In Konstanz präsentieren sie sich als respektable Rockband, die noch längst nicht in die Kirmesliga der Oldierocker abgedriftet ist. Das Quintett mit den Urgesteinen Ian Paice (Schlagzeug), Ian Gillan (Gesang) und Roger Glover (Bass) entwickelt noch immer unbändige Spielfreude, vor allem die alten Hits "Strange Kind Of Woman", "Highway Star" und "Perfect Strangers" sorgen für Begeisterungsstürme. Natürlich darf die Rock-Hymne "Smoke On The Water" nicht fehlen. Ausschweifende Gitarrensoli, psychedelische Orgeleinlagen und häufige Rhythmuswechsel prägen den monumentalen Sound der Gruppe.
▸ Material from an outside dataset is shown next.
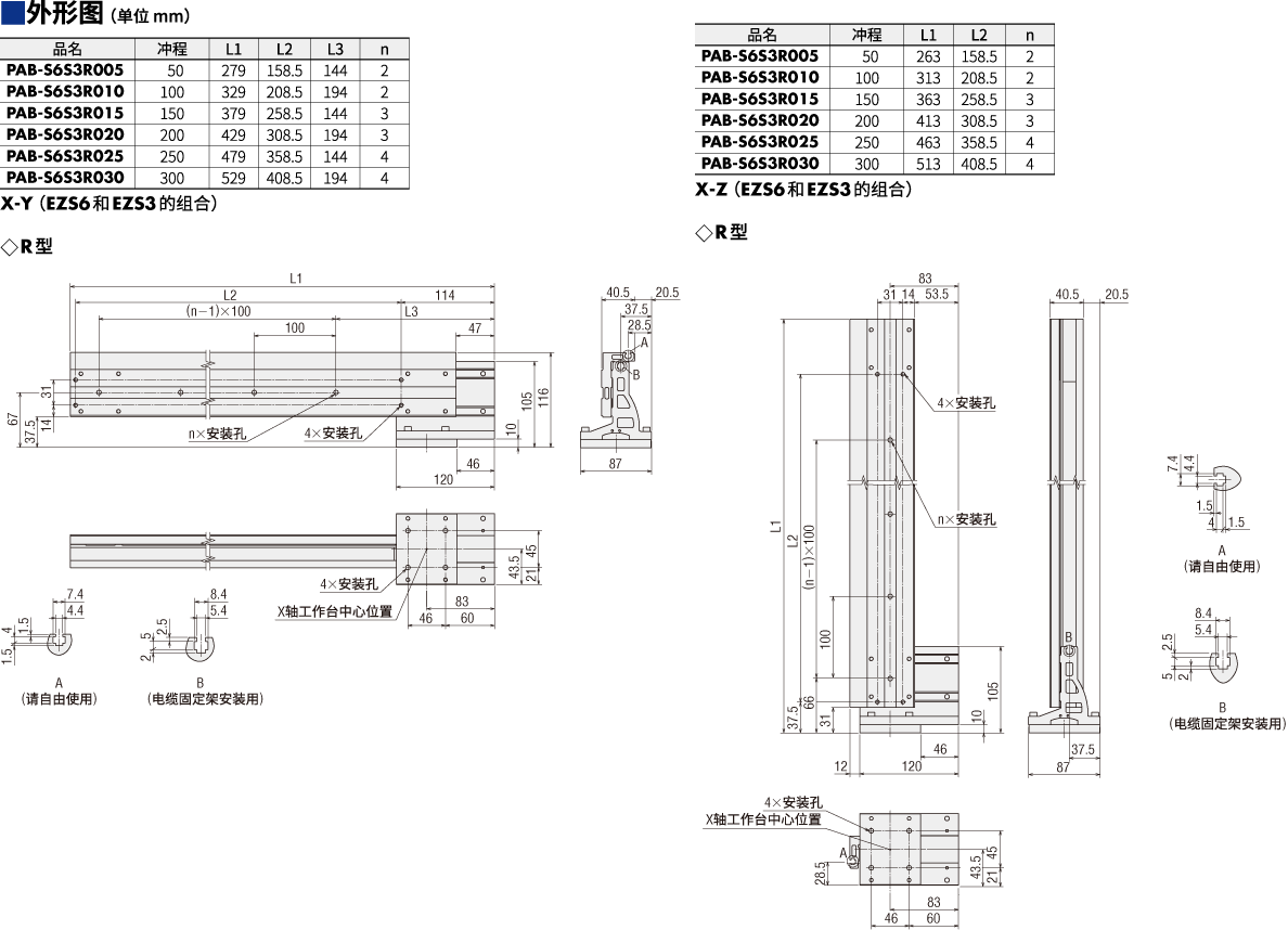 | 說明 | EZS6與EZS3的組合 R型 2軸側(cè)行程150 mm |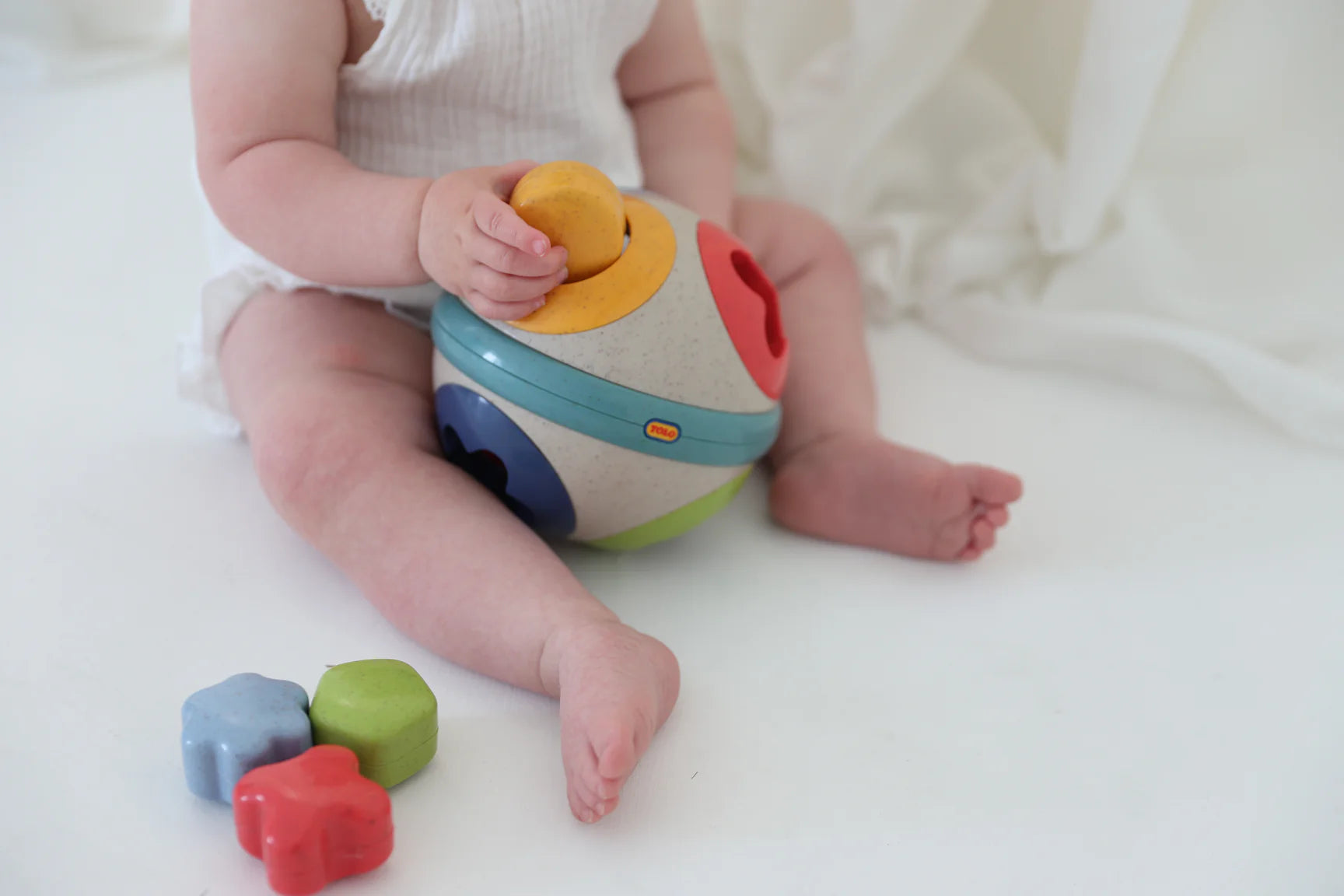 From the TOLO Bio collection, great as a ball or a shape sorter! Baby learns to recognize colors and shapes. Sounds and movements helps developing dexterity skills.

Wer eine perfekt choreografierte Bühnenshow erwartet, ist fehl am Platz. Der Auftritt dieser Band wirkt absolut unprätentiös. Wenig Show und mit Ian Gillan ein Sänger, dessen Stimme zu Beginn zwar schwächelt, mit der Zeit aber immer sicherer rüberkommt. Dazu mit Steve Morse ein Gitarrist, der seinen Vorgänger Richie Blackmore in Bezug auf Fingerfertig- und Schnelligkeit fast noch übertrifft.
Musikalischer Höhepunkt des Festivals ist jedoch der Auftritt der schwedischen Alternativ-Rocker The Hives. Laut, kurz und schmutzig, bei weitem nicht so präzise wie im Studio, aber auch alles andere als verschwommen, so fliegen die Songs an einem vorbei. Mit der Hybris des großen Entertainers, maßlos, selbstverliebt, glamourös und immer ganz vorne an der Bühnenrampe, leitet Pelle Almquist durch den 80-minütigen Auftritt. Er weiß, dass er sich alles erlauben kann. Er ist der Poseur, der das Publikum auf Deutsch zum Mitsingen animiert, der über die Bühne tobt, auf Lautsprecherboxen und Gerüste klettert und trotzdem wie aus dem Ei gepellt aussieht.
Aus der sicheren Entfernung von 100 Metern zur Bühne wird man Zeuge eines famosen Spektakels, das den Auftritt der ebenfalls aus Schweden stammenden Band Mando Diao in den Schatten stellt. Die Titel ihres neuesten Albums "Give Me Fire" kommen zwar ebenfalls mit kreischender Orgel und polternden Beats daher, den Songs aus dem vor sieben Jahren erschienenen Debütalbum "Bring 'em In" können sie aber nicht das Wasser reichen. Richtig zur Sache geht's erst im zweiten Teil.